#### TASK DETAILS
An exact transcription of all the records below is required, without any images.

Stored data:
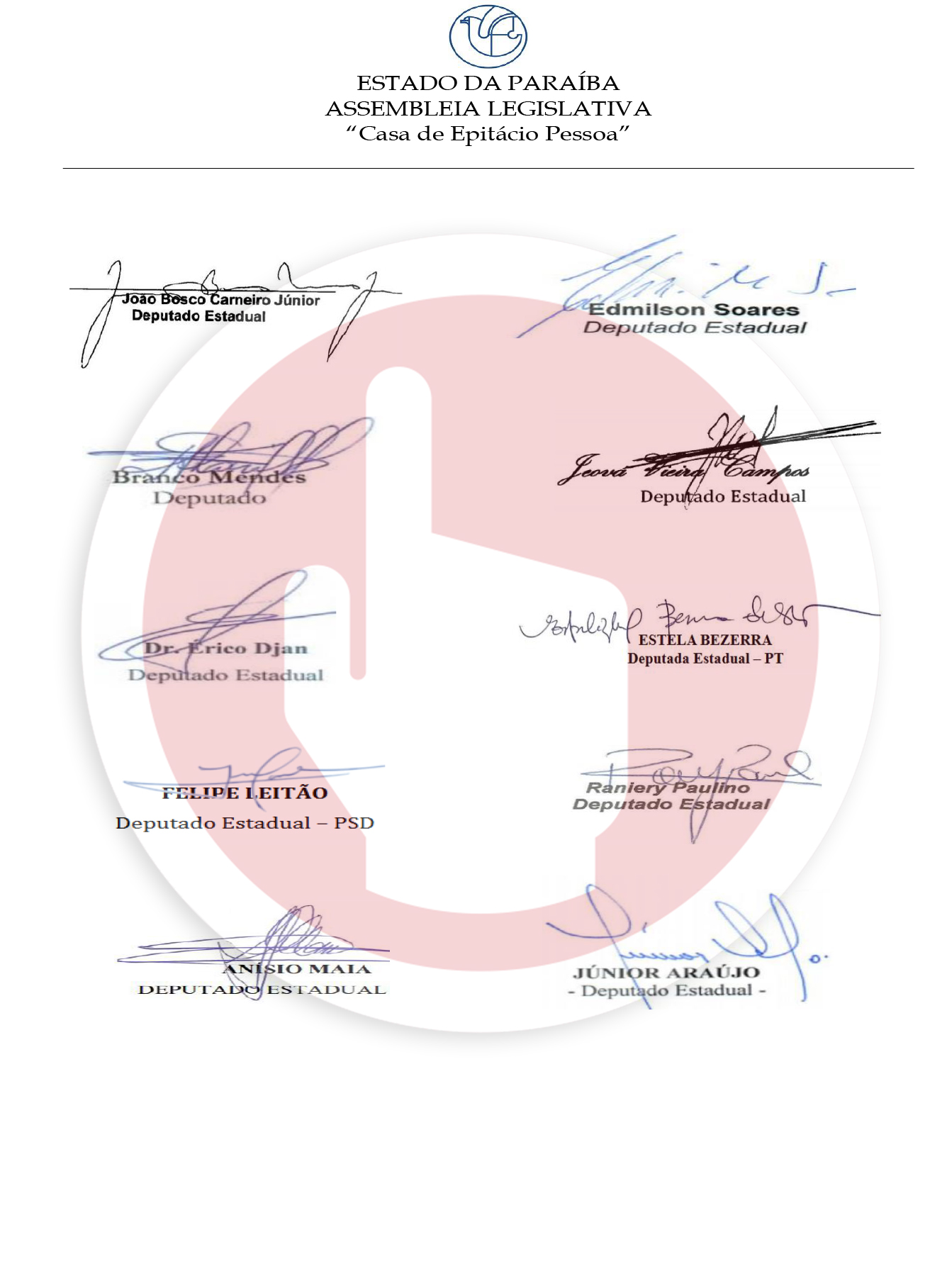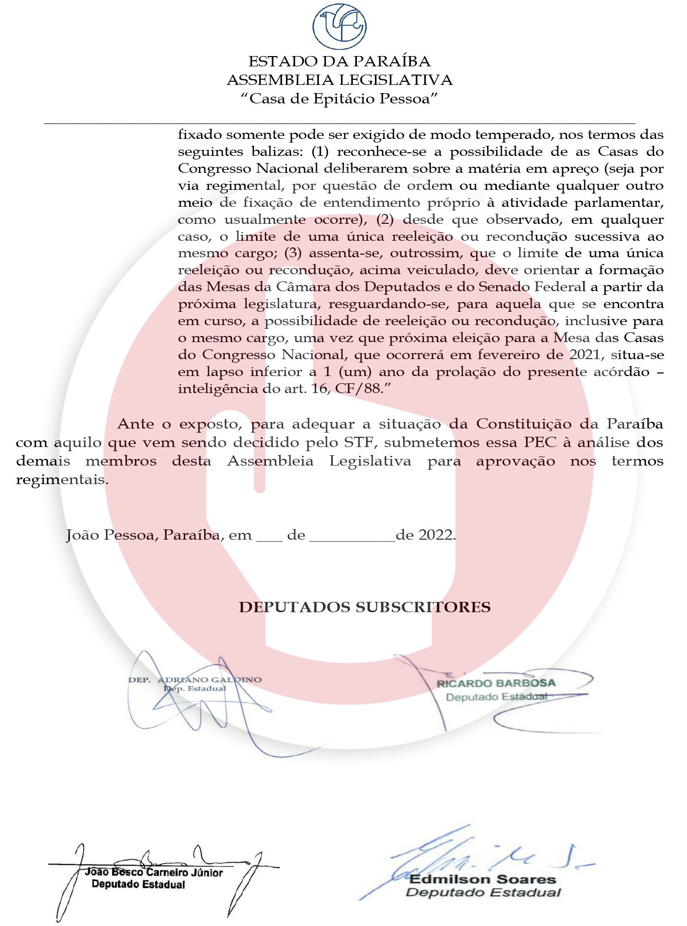 Subscrevem a Proposta de Emenda Constitucional os deputados Adriano Galdino, Ricardo Barbosa, João Bosco Carneiro, Edmilson Soares, Branco Mendes, Jeová Campos, Dr. Érico, Estela Bezerra, Felipe Leitão, Raniery Paulino, Anísio Maia e Júnior Araújo.
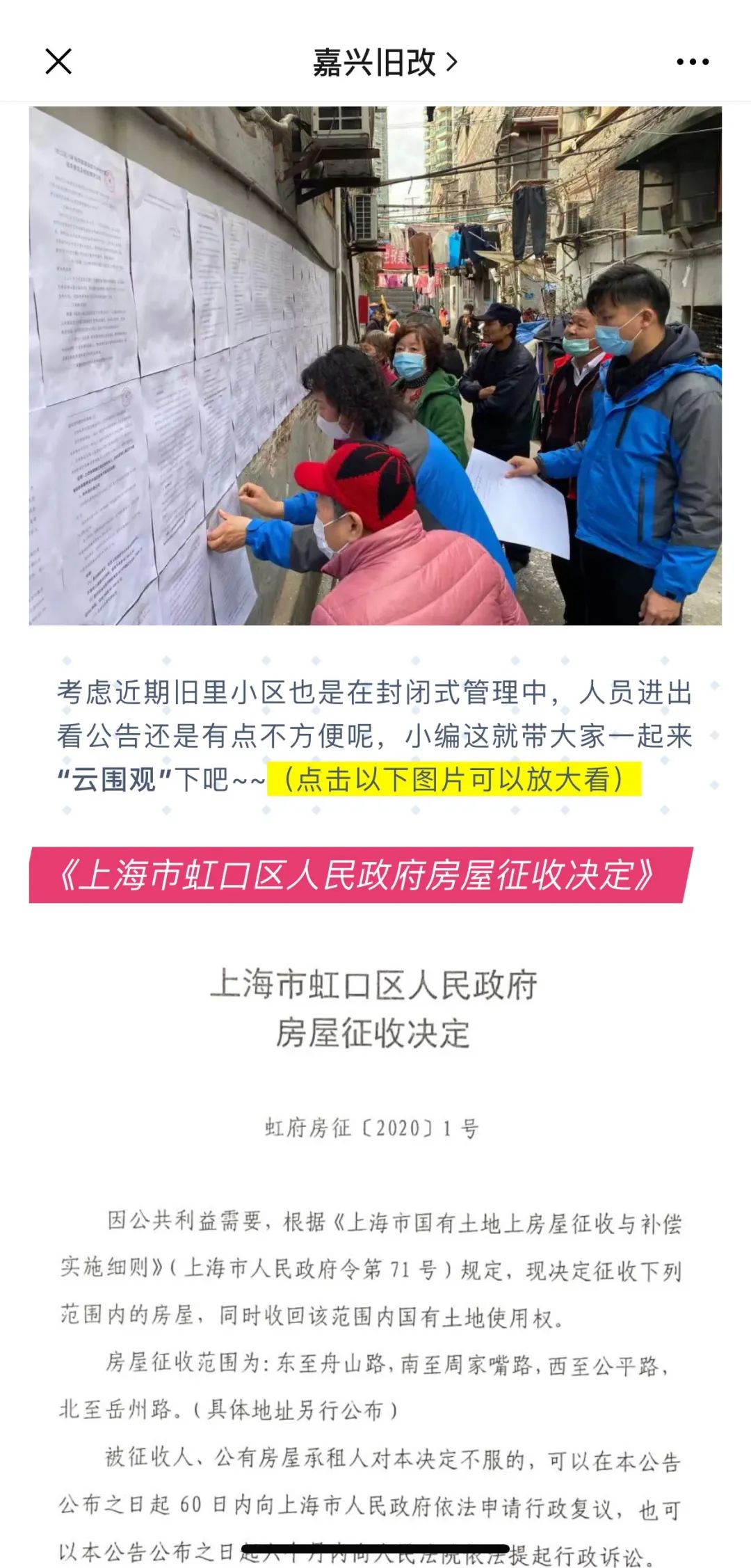 通过微信公众号“上海虹口”“嘉兴旧改”,第一时间发布《上海市虹口区人民政府房屋征收决定》和《虹口区138街坊房屋征收与补偿方案》相关政策。
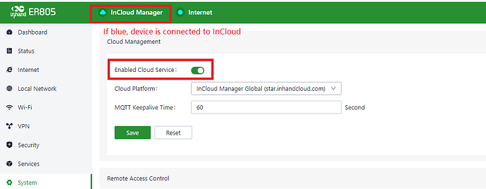 1. Go to SystemàCloud Management. Enable Cloud Service should be checked by default, if not, please check it.
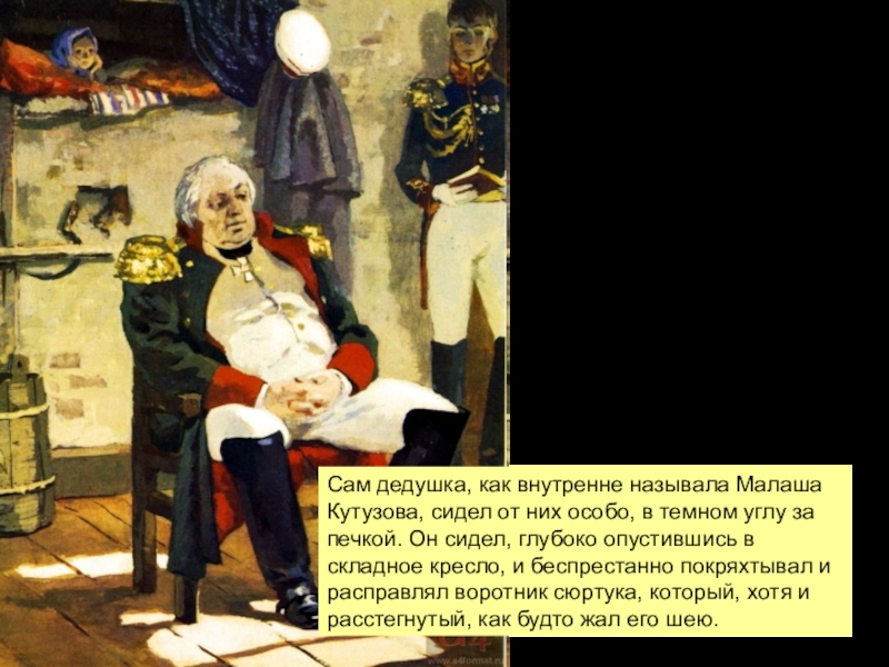 Слайд 39Сам дедушка, как внутренне называла Малаша Кутузова, сидел от них особо,
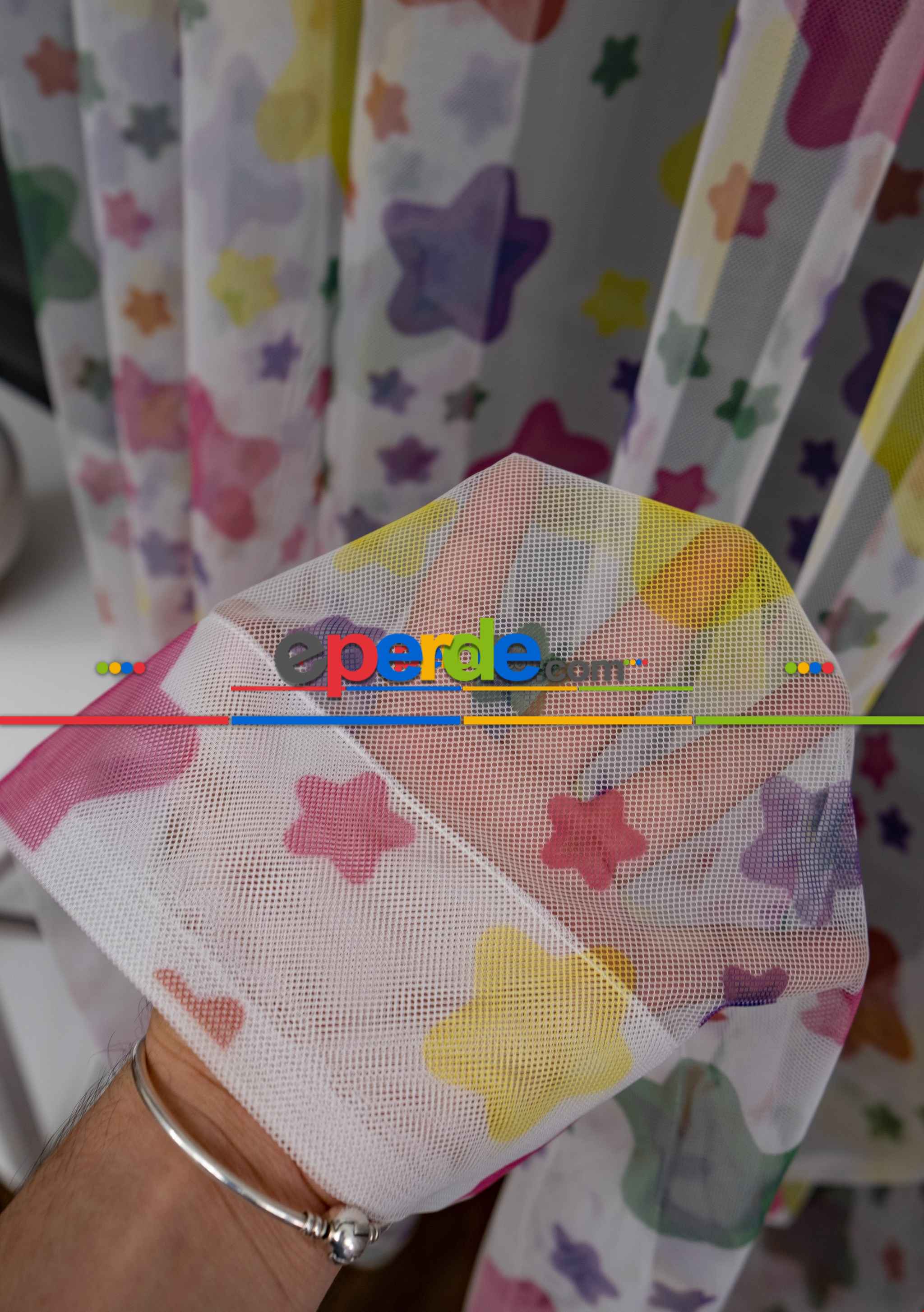 Hazır Ölçülü Petek Zemin Renkli Yıldızlar Desenli Grek Baskılı Tül Perde

#### WRITTEN REPLY
 Subscrevem a Proposta de Emenda Constitucional os deputados Adriano Galdino, Ricardo Barbosa, João Bosco Carneiro, Edmilson Soares, Branco Mendes, Jeová Campos, Dr. Érico, Estela Bezerra, Felipe Leitão, Raniery Paulino, Anísio Maia e Júnior Araújo.
 通过微信公众号“上海虹口”“嘉兴旧改”,第一时间发布《上海市虹口区人民政府房屋征收决定》和《虹口区138街坊房屋征收与补偿方案》相关政策。
 1. Go to SystemàCloud Management. Enable Cloud Service should be checked by default, if not, please check it.
 Слайд 39Сам дедушка, как внутренне называла Малаша Кутузова, сидел от них особо,
 Hazır Ölçülü Petek Zemin Renkli Yıldızlar Desenli Grek Baskılı Tül Perde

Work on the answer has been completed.